Tips for Improving Sales Commissions
- Incentivize your sales reps with higher commissions for meeting or exceeding sales targets.
- Offer bonus commissions for hitting specific benchmarks, such as signing new customers or generating a certain amount of revenue.
- Structure your commission payout, so reps are rewarded for short-term and long-term success.
- Review your commission structure regularly and make adjustments to ensure that it motivates your reps to sell effectively.
- Be clear and transparent with your sales reps about the commission structure and how they can earn more money.
- Encourage healthy competition among your sales reps by offering prizes or commissions for top performers.

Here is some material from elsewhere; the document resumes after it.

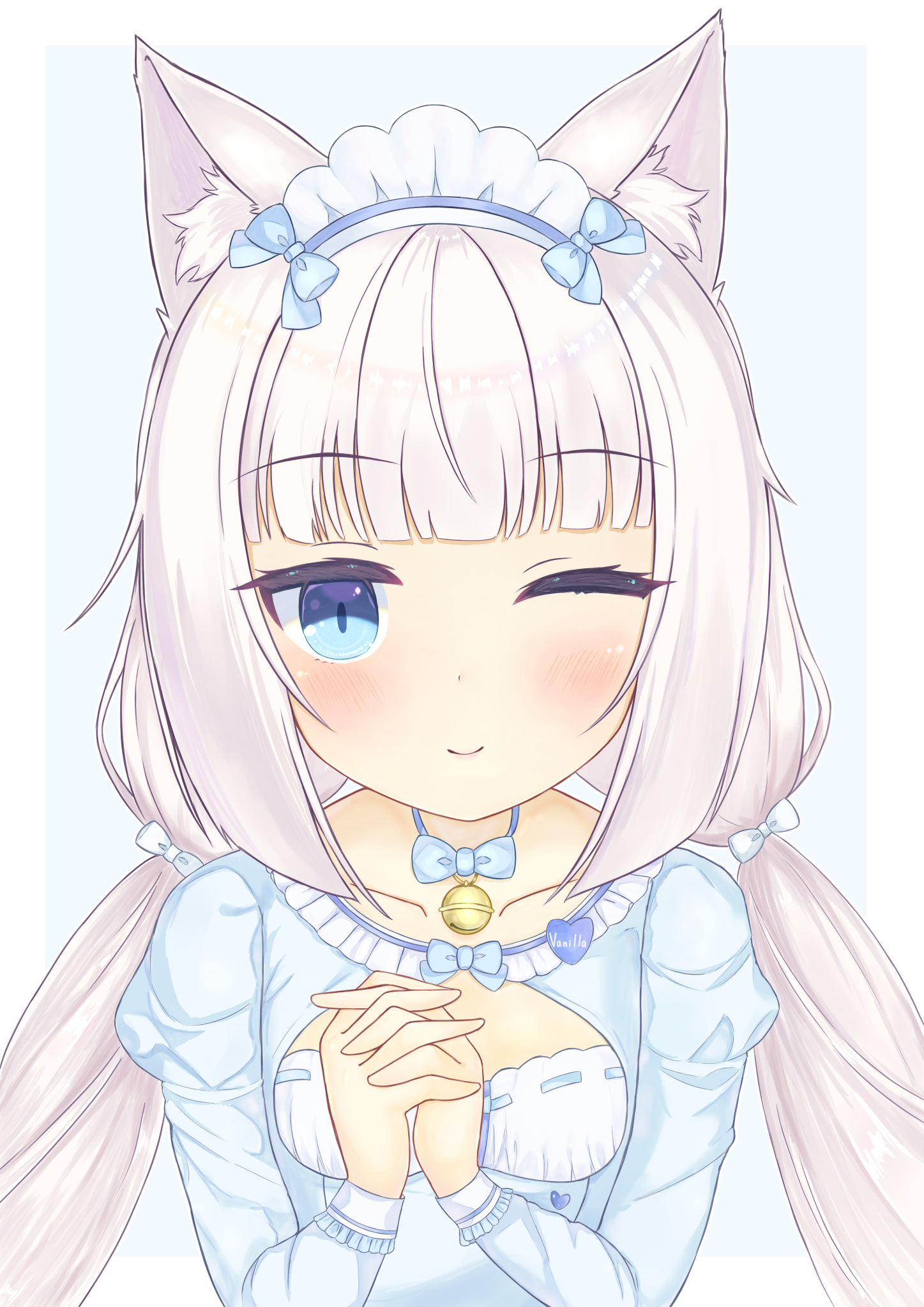 1girl animal_ear_fluff animal_ears bell blue_background blue_bow blue_dress blue_eyes blunt_bangs bow bow_choker breasts buttons cat_ears cat_girl chiyoi_(tiniyounoda) choker dress hair_bow heart heart_button highres long_hair looking_at_viewer low_twintails maid maid_headdress name_tag neck_bell nekopara one_eye_closed own_hands_together ribbon slit_pupils small_breasts smile twintails vanilla_(nekopara) white_bow white_hair wink

Alternatives to the Traditional Sales Commission Model
Sales commission models constantly evolve as companies attempt to find the perfect way to motivate their sales reps. The traditional sales commission model is often seen as outdated and ineffective, so many companies are looking for alternatives.
One popular alternative is the draw against the commission model. In this model, reps are given a small salary and then paid a commission based on their sales. This can help ensure agents are still motivated despite a slow month or two.
Another alternative is the base plus commission model. In this model, reps are given a base salary plus a commission on their sales. This can help ensure that agents are motivated to sell as much as possible without putting too much financial pressure on them.
Your specific needs and goals will depend on the suitable model for your company. Before changing your commission structure, talk to your sales team and see what would work best for them.
The right commission strategy is essential to motivate and retain your sales reps. By creating an incentive system that rewards performance, you can create an environment of competition that encourages your agents to strive for success while rewarding them when they achieve it. With a carefully planned commission structure, you can incentivize sales staff to reach their targets while ensuring the sustainability of your business.